From the conclusion of Theorem 1, we have that $W_h^{\mathcal{M}}\left[0,x_1\right]$ is nonsingular. Thus, from (16), we find that $W_h\left[0,x_1\right]$ is also nonsingular. This completes the proof. □

4. Controllability of Nonlinear Delay Differential System

In this section, we establish the sufficient conditions of controllability of (2) using Krasnoselskii’s fixed point theorem.

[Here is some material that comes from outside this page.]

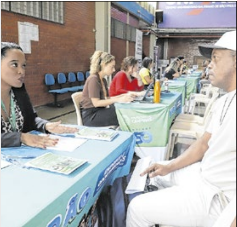
Evento é benéfico tanto para a população quanto empresas

Inspirado no trabalho do artista Vik Muniz, o Educativo do SESI Campinas convida o público a pintar usando materiais orgânicos, como terra, café e beterraba. Além disso, convida a explorar as possibilidades criativas dos elementos, refletindo sobre o papel na criação das tintas. Nesta sexta-feira (23) às 14h.

We impose the following assumptions:

(G1) 

The function $f:{\Omega }\times {\mathbb{R}}^n\to {\mathbb{R}}^n$ is continuous, and there exists a constant $L_f\in L^q\left({\Omega },{\mathbb{R}}^{+}\right)$ and $q>1$ such that

$$∥f\left(x,y_1\right)-f\left(x,y_2\right)∥\le L_f\left(x\right)∥y_1-y_2∥,\mathrm{for}\mathrm{all}x\in {\Omega },y_1,y_2\in {\mathbb{R}}^n.$$

Let ${sup}_{x\in {\Omega }}f\left(x,0\right)=M_f<\infty$.

(G2) 

The linear operator $Q:L^2\left({\Omega },{\mathbb{R}}^m\right)\to {\mathbb{R}}^n$ is defined by

$$Q={\int }_0^{x_1}{\mathcal{M}}_h\left(\mathbb{A}\left(x_1-h-\vartheta \right)\right)\mathbb{B}u\left(\vartheta \right)d\vartheta .$$

Suppose that $Q^{-1}$ exists and takes values in $L^2\left({\Omega },{\mathbb{R}}^m\right)/kerQ$, and there exists a constant $M_1>0$ such that $∥Q^{-1}∥\le M_1$.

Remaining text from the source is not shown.